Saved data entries
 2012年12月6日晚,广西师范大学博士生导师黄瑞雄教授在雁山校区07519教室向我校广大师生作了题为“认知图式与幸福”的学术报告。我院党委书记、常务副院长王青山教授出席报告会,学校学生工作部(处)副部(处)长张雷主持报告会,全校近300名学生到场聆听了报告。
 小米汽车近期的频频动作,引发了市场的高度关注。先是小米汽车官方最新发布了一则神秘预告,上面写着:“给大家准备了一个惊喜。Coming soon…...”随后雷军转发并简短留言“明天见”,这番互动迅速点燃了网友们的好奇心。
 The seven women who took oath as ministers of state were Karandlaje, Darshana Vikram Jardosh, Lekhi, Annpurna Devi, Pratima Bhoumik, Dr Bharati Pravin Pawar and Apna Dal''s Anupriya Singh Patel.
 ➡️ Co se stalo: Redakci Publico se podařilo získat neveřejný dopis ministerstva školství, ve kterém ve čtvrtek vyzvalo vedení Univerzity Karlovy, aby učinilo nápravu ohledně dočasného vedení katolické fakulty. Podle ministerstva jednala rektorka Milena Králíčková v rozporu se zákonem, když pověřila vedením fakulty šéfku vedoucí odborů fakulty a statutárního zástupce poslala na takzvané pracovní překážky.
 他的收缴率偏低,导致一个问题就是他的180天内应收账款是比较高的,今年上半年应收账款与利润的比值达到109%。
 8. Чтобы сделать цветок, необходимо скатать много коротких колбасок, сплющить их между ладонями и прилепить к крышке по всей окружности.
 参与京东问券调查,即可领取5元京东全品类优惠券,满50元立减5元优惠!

Work task: Give again, exactly as written, the lines running from the first line of the data above through the line that contains "小米汽车近期的频频动作,引发".

Response for this exercise:
 2012年12月6日晚,广西师范大学博士生导师黄瑞雄教授在雁山校区07519教室向我校广大师生作了题为“认知图式与幸福”的学术报告。我院党委书记、常务副院长王青山教授出席报告会,学校学生工作部(处)副部(处)长张雷主持报告会,全校近300名学生到场聆听了报告。
 小米汽车近期的频频动作,引发了市场的高度关注。先是小米汽车官方最新发布了一则神秘预告,上面写着:“给大家准备了一个惊喜。Coming soon…...”随后雷军转发并简短留言“明天见”,这番互动迅速点燃了网友们的好奇心。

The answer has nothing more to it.